I wanted to open up a dialogue about #Autism and medication. I receive many emails asking for advice about whether or not I think it’s okay to medicate their child for #Autism related behavioral issues etc.

I wanted to open this up to discussion. 

What is your personal experience with deciding whether or not to medicate your child, for whatever reason? What were your concerns? Was your doctor helpful? Have medications benefited your child or not?

I think this is an important topic because so many of us struggle with deciding whether or not to medicate our child. Hearing from other parents can really be a positive thing, regardless of opinions. Knowing that your are not the only one that has had to make this difficult decision can be comforting. Please share your questions, experience or even just your opinions.

Remember that I require that all my readers be treated with respect and dignity, regardless of differing opinions. 🙂

I will share my experience with medicating any of my kids. For us it came down to quality of life concerns. If medications could improve their quality of life, that was a good reason to consider it. We always researched everything before a new medication was started. One of the things I would ask myself is why are we even thing about this?  Are we considering this to simply make our lives easier or is this the best thing for our son.
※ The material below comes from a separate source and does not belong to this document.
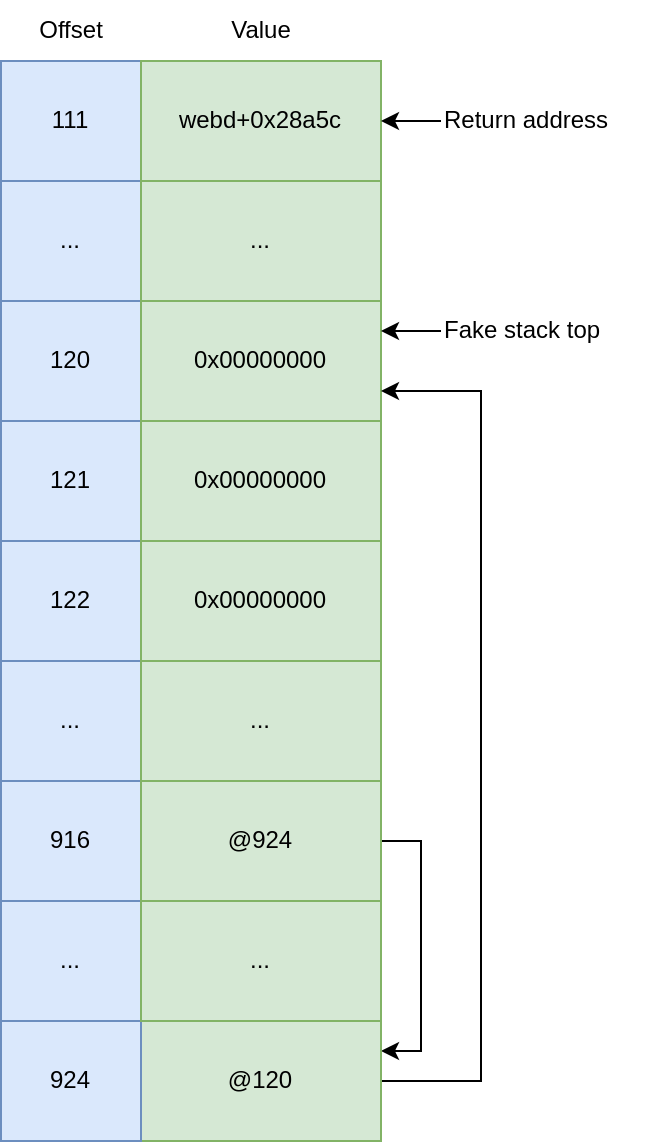 """        Make our controlled stack pointer at offset 924 pointing to our fake stack at a given offset.        """

The decisions were never easy ones, especially with the hardcore medications we had to consider but with that said, it’s heartbreaking to watch your child struggle when there is something that could help. In so many ways, medications have helped our oldest Gavin, to regain part of his life that had been taken away by constant visual and auditory hallucinations brought on by a rare form of childhood schizophrenia.  Knowing he’s no longer afraid of things that only he could see and hear is indescribable. Truthfully, bringing him relief brought it for us as well.

Rob Gorski

Full time, work from home single Dad to my 3 amazing boys. Oh...and creator fo this blog. :-)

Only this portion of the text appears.